Hot water heater & die-electric union

prj309

New Member
Messages
3
Reaction score
0
Points
0
Hi all, new to this forum.

I am replacing a hot water heater and was wondering if a dia-electric union has to connect directly to the water heater itself or can i place it above a 1' copper flex pipe? Meaning, working up from water heater..... Water heater connected to 1 foot flexible copper tube connected to dia-electric union connected to copper pipe? Thanks for any advice.
 
No copper directly connected to the tank...brass is OK...
 
You can use either dielectric nipples or brass nipples into the tank with the flex copper tubes connected to the nipples. You should have a ball valve on the cold water line so depending on the valve, you may need another brass nipple to transition the flex tube to the valve. The other side of the valve connects to the water supply line. Hot water side just goes from the nipple to flex to hot outlet line. Use care when bending the flex tubing, it will kink if you are not careful.:eek: No unions are necessary.
 
Also depending where you are at and what you state codes allow, yo might not be able to use flex supplies. Here in Illinois it must be hard piped. But in earthquake zones it must be flex pipe for the water and gas.
 
di-electric

The dielectric has to be on the tank. It would serve no purpose if you put it before the copper connector. But since most flexible connectors are also di-electric you should not even need it.
 
Thanks for all the replys. I didnt realize that that the flex pipe is also dia-electric. I do live in Illinois, chicago suburbs, and its code to have hard piped lines to tank? hmm
 
tank

There is a bit of discussion as to whether hard piping is really required or is just someone's opinion bsed on a generic drawing. The real answer lies with your building code and its interpretation by the inspectors.
 
Thanks for all the replys. I didnt realize that that the flex pipe is also dia-electric. I do live in Illinois, chicago suburbs, and its code to have hard piped lines to tank? hmm

Call your local plumbing inspector and ask them. Please post what they informed you of. I been doing plumbing in Illinois (Chicago and suburbs) for 17 years, and I never seen a inspector allow flex supplies on the water or gas.
 
Call your local plumbing inspector and ask them. Please post what they informed you of. I been doing plumbing in Illinois (Chicago and suburbs) for 17 years, and I never seen a inspector allow flex supplies on the water or gas.
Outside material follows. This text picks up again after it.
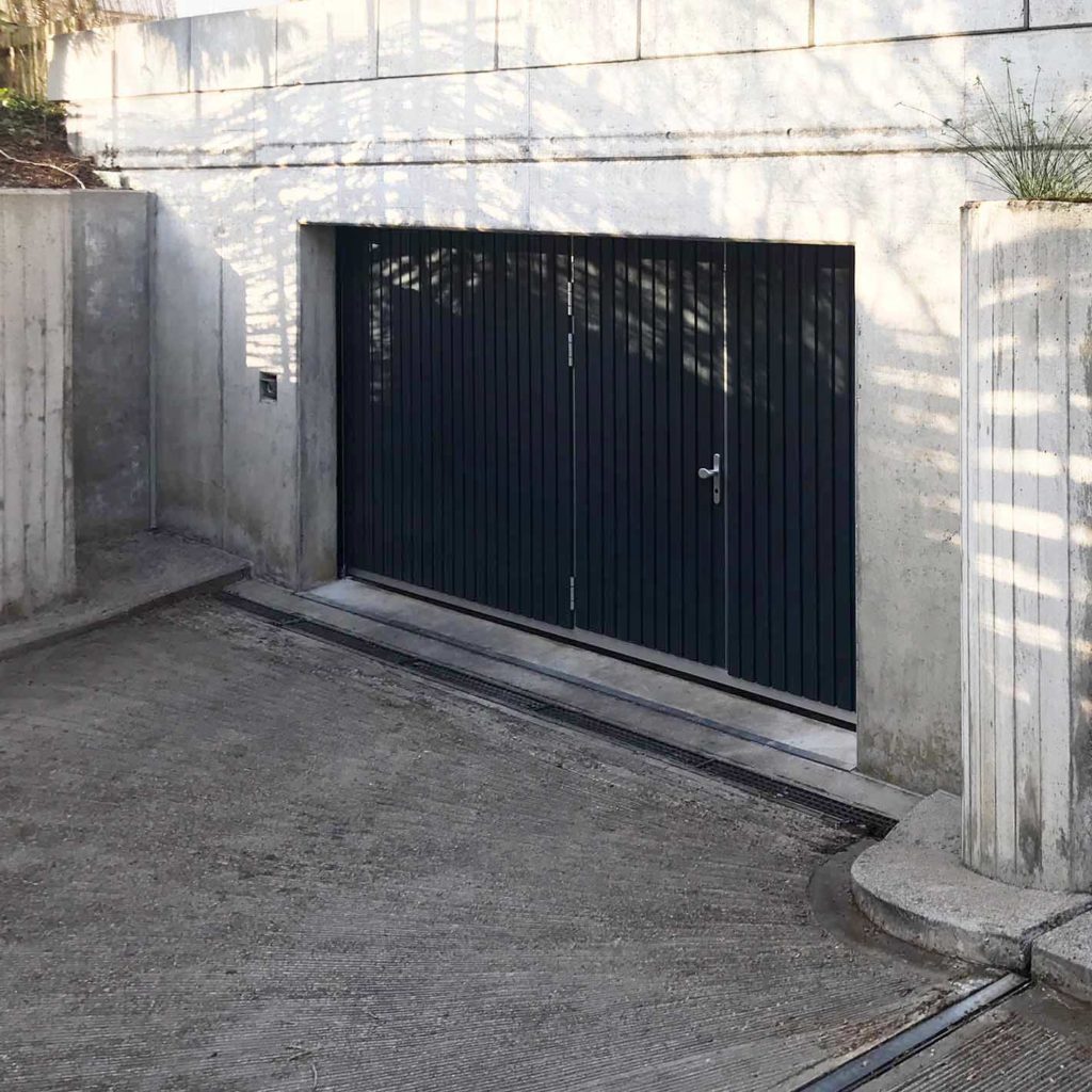 Schlupftüren können im Torflügel integriert oder als Nebentüre neben das Tor gesetzt werden. Stahlteile sind durch Ver­zinkung und teilweise zu­­­sätzlich durch Beschichtung, Alu­miniumprofile durch Eloxierung oder Pulverbeschichtung optimal korrosions­geschützt.

Not that i didn't doubt you, I just find it funny that all the local hardware stores would tell me "use these (flex pipe) it'll make the job easier next time". The problem i had was the copper pipe to the water heater doesn't come straight down from the ceiling to the tank, it's more like a vertical, horizontal, vertical and on the cold water pipe the horizontal pipe was cut to short which made the vertical pipe to the tank not level. it was putting pressure on the inlet nipple and after 9 years it finally started to leak. That's why i wanted to go with flex pipe so i could compensate the off balance with out having to replace the entire zig zag from the ceiling.



But i did go with your advice and hard piped it, both hot and cold water zig zags. Thanks for your advice. Better to have it done right then have to replace it when its time to sell the house.